Упомянув поляков (их отношение к России знаменито особой пристрастностью), процитирую польского эмигрантского публициста Юзефа Мацкевича. Он характеризует старую Россию времен своей юности как либеральное государство, поясняя: «демократия — это еще не свобода, это пока только равенство. Свобода — это либерализм… Нельзя сказать, чтобы царская Россия была государством, основанным на общественной несправедливости. Справедливости можно было добиться иногда скорее, чем в какой-нибудь сегодняшней демократии».[5]
Ну хорошо, говорит скептик, не буду судить русский XIX век слишком строго (опять же, великая литература, великая музыка), но заглянем в какой-нибудь XV-й или XVI-й! Воображаю, какой там мрак и ужас! Хотя мрака, ужаса, кровопусканий и жестокости в русской истории (исключая наше столетие) неизмеримо меньше, чем, скажем, в английской или немецкой, пока воздержимся от увлекательных сравнений. Те же, кто захотят узнать, до какой степени оболганы вышеназванные века, найдут много интересного в статье знатока этого периода А.Янова «Российские либералы против русской истории» (Дружба народов, № 11, 1996). Его выводы тем убедительнее, что сам он, говорят, имеет репутацию человека, «не замеченного в симпатиях к России» (невротические авторы «Молодой гвардии» и «Завтра» даже зовут его «русофобом»). Так вот, Русь именно XV века была, по характеристике Янова, «европейским и либеральным государством, едва ли не самым политически прогрессивным в тогдашней Европе… превратилась в один из важнейших центров мировой торговли». Она начала «на поколение раньше других…борьбу за церковную Реформацию».

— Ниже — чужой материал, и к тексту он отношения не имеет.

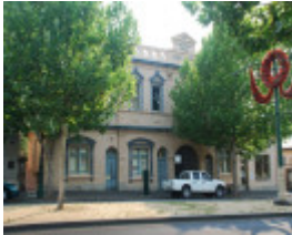
BENDIGO TEMPERANCE HALL SOHE 2008

В КАКУЮ СТОРОНУ БЕЖАЛИ ЛЮДИ?
Либеральная школа (на самом деле радикальная) сумела внушить слишком многим, что история у нас жуткая и что Россия это такое место, где всегда было плохо. Ой ли? Понять, хорошо или плохо было в данной стране, довольно просто. Надо выяснить, стремились в нее люди или нет. И что же? В Россию, а до того — в русские княжества, стремились всегда. Родословные пестрят записями вроде: «Огаревы — русский дворянский род, от мурзы Кутлу-Мамета, выехавшего в 1241 году из Орды к Александру Невскому»; «Челищевы — от Вильгельма (правнука курфюрста Люнебургского), прибывшего на Русь в 1237 году»; «Хвостовы — от маркграфа Бассавола из Пруссии, выехавшего в 1267 г. к великому князю московскому Даниилу»; «Мячковы — от Олбуга, «сродника Тевризского царя», выехавшего к Дмитрию Донскому в 1369 г.»; «Елагины — от Вицентия, «из цесарского шляхетства», прибывшего в 1340 г. из Рима в Москву, к князю Симеону Гордому «и так до бесконечности.

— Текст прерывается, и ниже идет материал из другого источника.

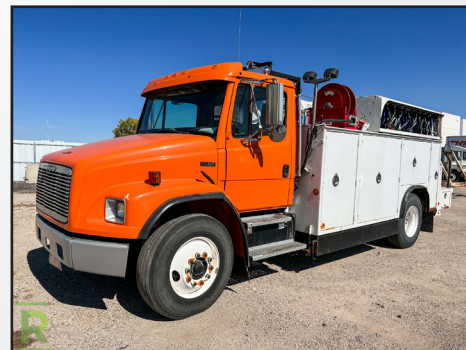
2001 FREIGHTLINER FL80 FUEL & LUBE TRUCK W/ CRANE, COUNTY UNIT

Во времена ордынского ига (ига, читатель!) иностранцы идут на службу к князьям побежденной, казалось бы, Руси. Идут «от влахов», «от латинов», «от ляхов», «от литвы», «от чехов», «от свеев», «из Угорской земли», «из немец», «из Царьграда «и, что поразительно, из Орды. Переселения простых людей не отразились в «бархатных книгах», но несомненны. С XI века в Киеве, Новгороде, Владимире известны поселения армян и грузин, в Москве уже в XV веке были греческая и польская (Панская) слободы, в XVII возникла грузинская, не переводились персияне, турки и «бухарцы» (в седьмой главе «Евгения Онегина» последние названы среди постоянных московских персонажей). В русские пределы сознательно переселялись целые народы: между 1607 и 1657 переселились из китайской Джунгарии калмыки, а после русско-турецкой войны 1806-12 переселились гагаузы. Вслед за Столбовским миром с Швецией на русские земли устремляются «из-под шведов» водь, ижора и карелы. И уже почти не в счет (а собственно, почему?) сотни тысяч «чиркасов запорожских» — по-нынешнему, украинцев, бежавших из Сечи на российские земли, начиная с 1638. Во все достатистические века в Русь-Россию непрерывно вливались народные струйки с Балкан, Кавказа, из Персии, придунайских земель, Крыма, Бухары, германских княжеств, из Литвы, не говоря уже о славянских землях. Имей мы родословные древа, уходящие вглубь веков, почти каждый нашел бы кого-то из этих людей среди своих предков.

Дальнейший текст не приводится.